* [Task brief] The response should consist only of the lines from the one with "Optional mit Teilfußring" to the end of the data below, copied exactly and without pictures.

* [Input material]
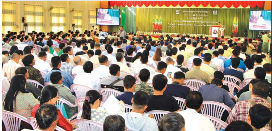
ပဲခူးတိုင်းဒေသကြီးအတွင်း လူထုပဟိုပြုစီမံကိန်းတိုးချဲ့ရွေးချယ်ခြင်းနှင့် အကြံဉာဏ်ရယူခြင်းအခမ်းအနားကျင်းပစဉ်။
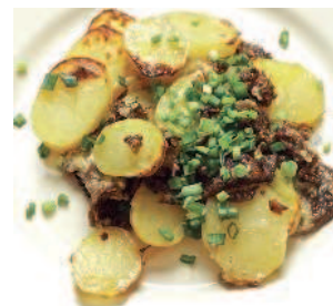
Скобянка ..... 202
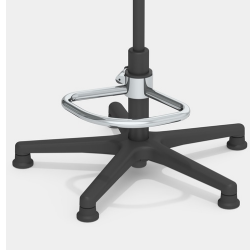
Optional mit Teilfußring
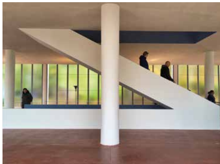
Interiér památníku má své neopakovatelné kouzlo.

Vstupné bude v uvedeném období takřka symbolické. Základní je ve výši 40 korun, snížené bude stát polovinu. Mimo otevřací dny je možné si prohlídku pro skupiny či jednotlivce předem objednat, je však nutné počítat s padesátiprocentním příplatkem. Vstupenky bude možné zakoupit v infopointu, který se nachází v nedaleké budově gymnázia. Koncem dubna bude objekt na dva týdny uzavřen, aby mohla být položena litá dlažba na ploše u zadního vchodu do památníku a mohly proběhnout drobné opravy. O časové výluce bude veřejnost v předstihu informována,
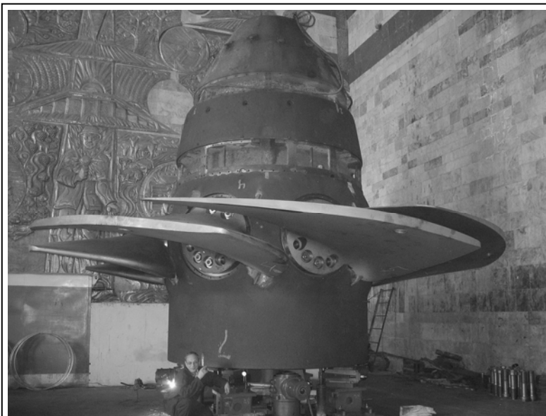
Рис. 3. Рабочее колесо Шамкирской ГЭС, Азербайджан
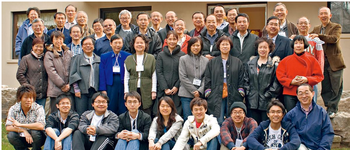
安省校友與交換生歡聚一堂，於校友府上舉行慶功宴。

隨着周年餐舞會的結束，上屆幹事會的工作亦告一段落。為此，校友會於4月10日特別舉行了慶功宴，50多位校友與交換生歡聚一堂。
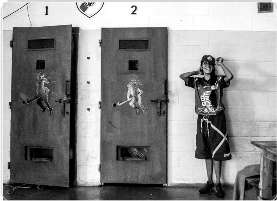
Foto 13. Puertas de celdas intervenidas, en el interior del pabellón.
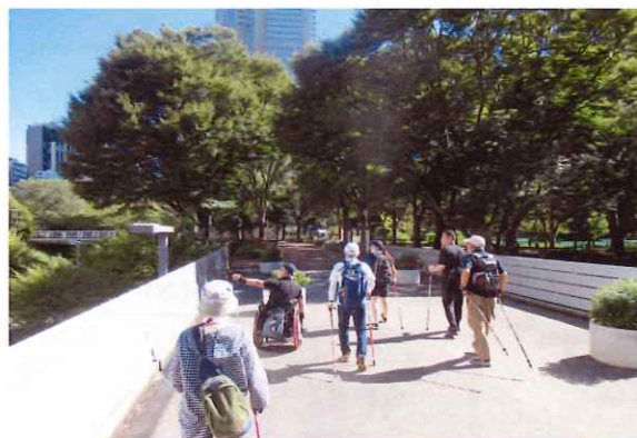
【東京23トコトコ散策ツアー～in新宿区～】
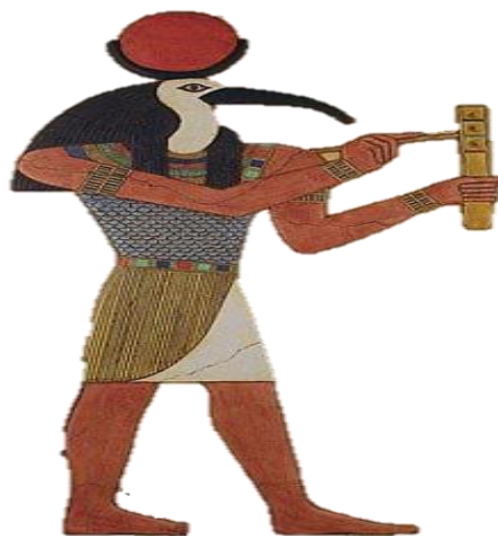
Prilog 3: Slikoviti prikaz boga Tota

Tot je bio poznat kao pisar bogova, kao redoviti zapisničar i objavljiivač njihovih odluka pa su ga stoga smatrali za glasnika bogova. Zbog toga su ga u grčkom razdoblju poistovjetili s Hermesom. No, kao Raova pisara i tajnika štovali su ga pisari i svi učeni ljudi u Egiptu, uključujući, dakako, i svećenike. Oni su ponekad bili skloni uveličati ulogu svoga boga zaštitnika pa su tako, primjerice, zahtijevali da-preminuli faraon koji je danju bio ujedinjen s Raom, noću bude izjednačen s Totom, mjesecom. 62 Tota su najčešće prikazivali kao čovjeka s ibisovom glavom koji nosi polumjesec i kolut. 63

* [Written solution]
Optional mit Teilfußring
Interiér památníku má své neopakovatelné kouzlo.

Vstupné bude v uvedeném období takřka symbolické. Základní je ve výši 40 korun, snížené bude stát polovinu. Mimo otevřací dny je možné si prohlídku pro skupiny či jednotlivce předem objednat, je však nutné počítat s padesátiprocentním příplatkem. Vstupenky bude možné zakoupit v infopointu, který se nachází v nedaleké budově gymnázia. Koncem dubna bude objekt na dva týdny uzavřen, aby mohla být položena litá dlažba na ploše u zadního vchodu do památníku a mohly proběhnout drobné opravy. O časové výluce bude veřejnost v předstihu informována,
Рис. 3. Рабочее колесо Шамкирской ГЭС, Азербайджан
安省校友與交換生歡聚一堂，於校友府上舉行慶功宴。

隨着周年餐舞會的結束，上屆幹事會的工作亦告一段落。為此，校友會於4月10日特別舉行了慶功宴，50多位校友與交換生歡聚一堂。
Foto 13. Puertas de celdas intervenidas, en el interior del pabellón.
【東京23トコトコ散策ツアー～in新宿区～】
Prilog 3: Slikoviti prikaz boga Tota

Tot je bio poznat kao pisar bogova, kao redoviti zapisničar i objavljiivač njihovih odluka pa su ga stoga smatrali za glasnika bogova. Zbog toga su ga u grčkom razdoblju poistovjetili s Hermesom. No, kao Raova pisara i tajnika štovali su ga pisari i svi učeni ljudi u Egiptu, uključujući, dakako, i svećenike. Oni su ponekad bili skloni uveličati ulogu svoga boga zaštitnika pa su tako, primjerice, zahtijevali da-preminuli faraon koji je danju bio ujedinjen s Raom, noću bude izjednačen s Totom, mjesecom. 62 Tota su najčešće prikazivali kao čovjeka s ibisovom glavom koji nosi polumjesec i kolut. 63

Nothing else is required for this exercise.